RAG is not one magic box. It is a chain of small engineering decisions, each one capable of failing and each one debuggable. That is why good RAG work feels like systems engineering, not just prompt writing.
A tiny worked example¶
Three chunks sit on the bookshelf: - Chunk A: "Enterprise annual plans may request a refund within 30 days of renewal." - Chunk B: "GPU pricing follows per-second billing with no minimum commitment." - Chunk C: "Refunds are not available after the first 5,000 API calls."
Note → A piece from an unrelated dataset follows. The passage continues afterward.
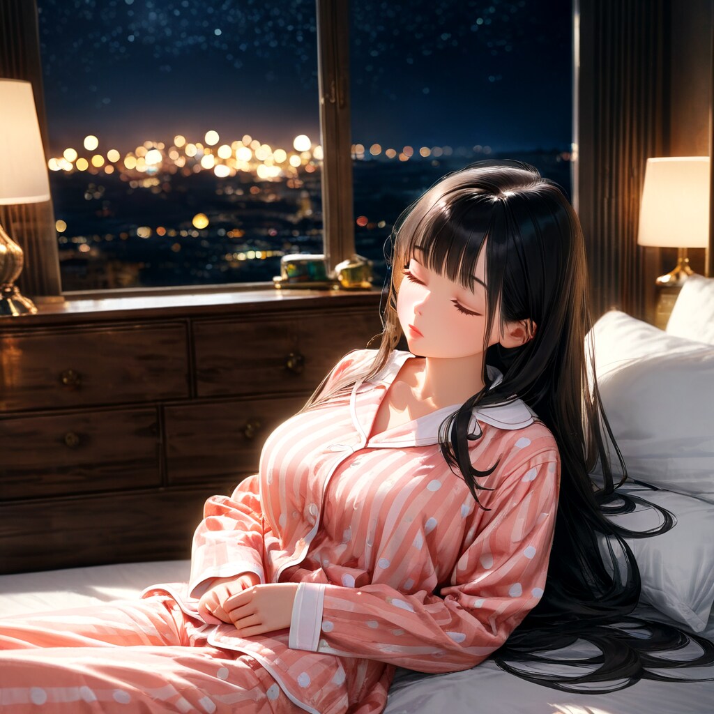 本来は寝相の悪い黒髪美人をAIに要望したのですが、「黒髪美人が寝相が悪いはずがねぇ!!」って反逆されちゃいました(苦笑)

User asks: "When can enterprise customers get a refund?"
question ──→ index card ──→ bookshelf search
│
┌───────────┼───────────┐
▼ ▼ ▼
Chunk A Chunk C Chunk B
score: 0.91 score: 0.87 score: 0.23
│ │
▼ ▼
┌─ reading desk ─────────────────┐
│ A: refund within 30 days │
│ C: not after 5,000 API calls │
└────────────┬───────────────────┘
▼
answer brief ──→ LLM ──→ grounded answer
Chunk B about GPU pricing is far away on the meaning map. It never reaches the reading desk. The model answers from A and C only. That is the whole picture.
The placeholders you will see called back¶
| Placeholder | Meaning |
|---|---|
| The librarian | The retriever — finds relevant chunks for the query. |
| The bookshelf | The vector store — all chunks indexed by meaning. |
| The index card | The embedding — a compact vector encoding of meaning. |
| The reading desk | The context window — limited space for evidence in the prompt. |
| The answer brief | The augmented prompt — question + evidence + instructions. |
Where you will see this in real products¶
The same five helpers — librarian, bookshelf, index card, reading desk, answer brief — sit inside almost every grounded-AI product shipping today. The names change. The shape does not.
- Perplexity AI — searches the web, picks the few most relevant pages, then writes a cited answer. Pure RAG, consumer-facing.
- ChatGPT with browsing / Connectors — same pattern, except the bookshelf is the live internet or your connected docs.
- Anthropic Claude with Projects — your uploaded files become the bookshelf; the librarian fetches per turn.
- Google NotebookLM — your source documents form a private bookshelf; answers are grounded only in those.
- GitHub Copilot Chat — your repository is the bookshelf; the librarian fetches the right files before suggesting code.
- Cursor / Windsurf — same pattern for code editors, with codebase-aware retrieval.
- Notion AI Q&A — your workspace pages are the bookshelf; the answer cites the notes.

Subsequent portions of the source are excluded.